WHAT IS REQUIRED:
Go through the listing and set it down exactly, leaving out its pictures.

[[ DATA, beginning ]]

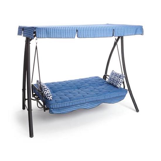 Dondolo 3 posti con schienale abbattibile, struttura in ferro verniciato a polvere colore Grigio scuro, tessuto poliestere g 180/mq colore rigato Azzurro/Blu, 2 cuscini fantasia Blu/Bianco. Ingombro cm 203 X 115 X h 170 seduta cm 168 X 54, schienale h cm 55, tettuccio cm. 198 X 115, sezione gambe mm 62 X 38 X 1.0, tubolari seduta e schienale d. mm 28.6 X 1.2, tubolari tettuccio d. mm 18 X 0.8, peso 38.7 Kgs
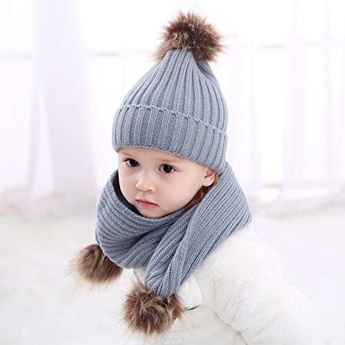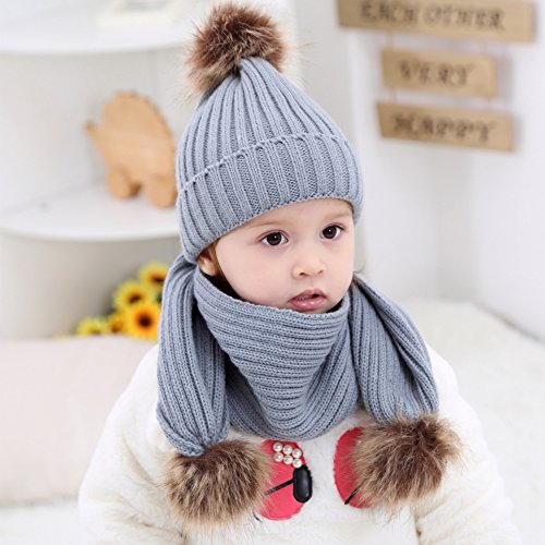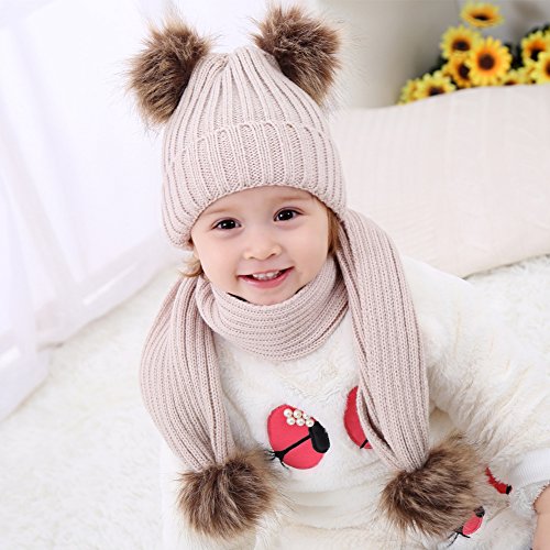 | (BAOBAOLAI)/Accessories/Cold Weather Accessories/DIRECT FROM USA/BAOBAOLAI Baby Girl Boy Winter Warm Knitted Pompom Beanie Hat with Scarf Set |
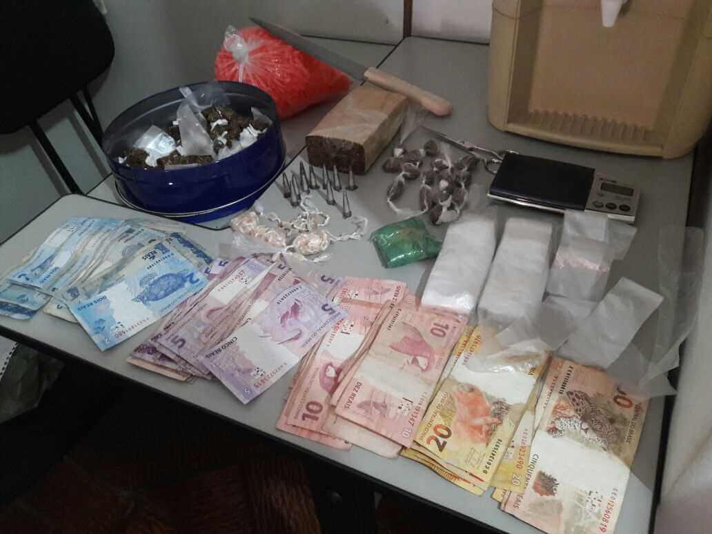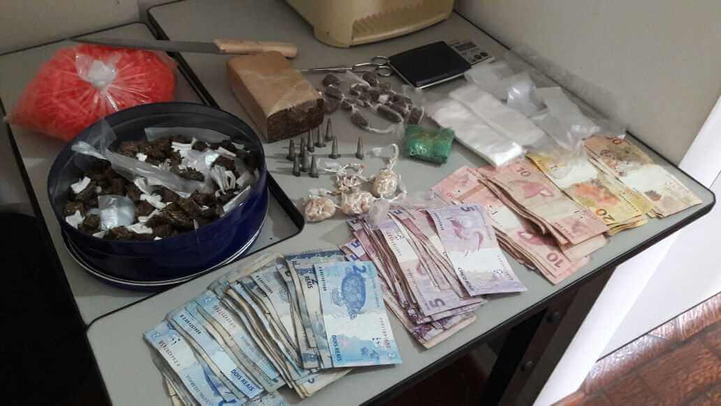 No total foram apreendidas 653 gramas de maconha , 23 de crack, 7 de cocaína, R$ 968,00 reais , uma balança de precisão, uma faca, uma tesoura e um saco com mais ou menos 1000 pinos vazios , que normalmente são usados para colocar cocaína.
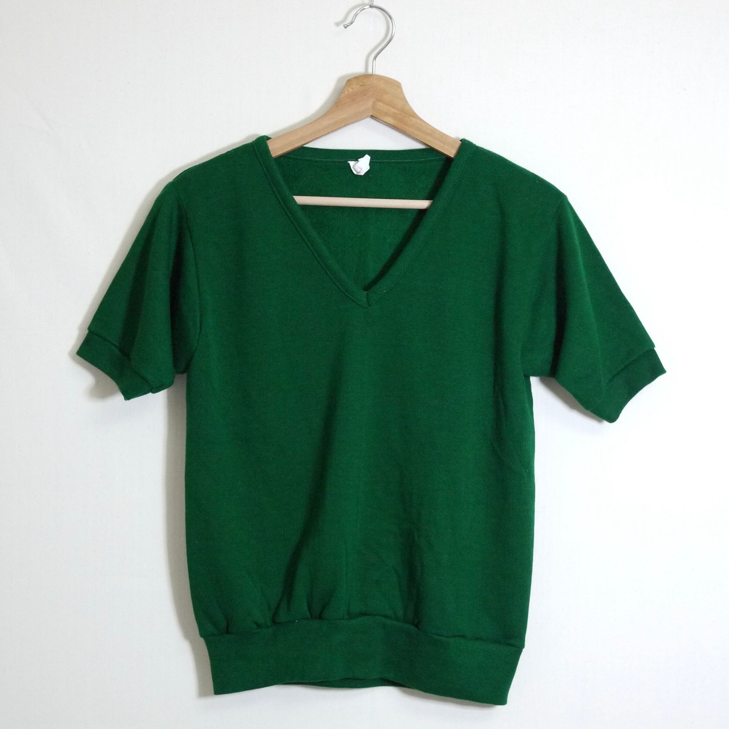 落ち着いたグリーンカラーの半袖スウェット。

[[ DATA, end ]]

OUTPUT FOR THIS EXERCISE:
 Dondolo 3 posti con schienale abbattibile, struttura in ferro verniciato a polvere colore Grigio scuro, tessuto poliestere g 180/mq colore rigato Azzurro/Blu, 2 cuscini fantasia Blu/Bianco. Ingombro cm 203 X 115 X h 170 seduta cm 168 X 54, schienale h cm 55, tettuccio cm. 198 X 115, sezione gambe mm 62 X 38 X 1.0, tubolari seduta e schienale d. mm 28.6 X 1.2, tubolari tettuccio d. mm 18 X 0.8, peso 38.7 Kgs
 | (BAOBAOLAI)/Accessories/Cold Weather Accessories/DIRECT FROM USA/BAOBAOLAI Baby Girl Boy Winter Warm Knitted Pompom Beanie Hat with Scarf Set |
 No total foram apreendidas 653 gramas de maconha , 23 de crack, 7 de cocaína, R$ 968,00 reais , uma balança de precisão, uma faca, uma tesoura e um saco com mais ou menos 1000 pinos vazios , que normalmente são usados para colocar cocaína.
 落ち着いたグリーンカラーの半袖スウェット。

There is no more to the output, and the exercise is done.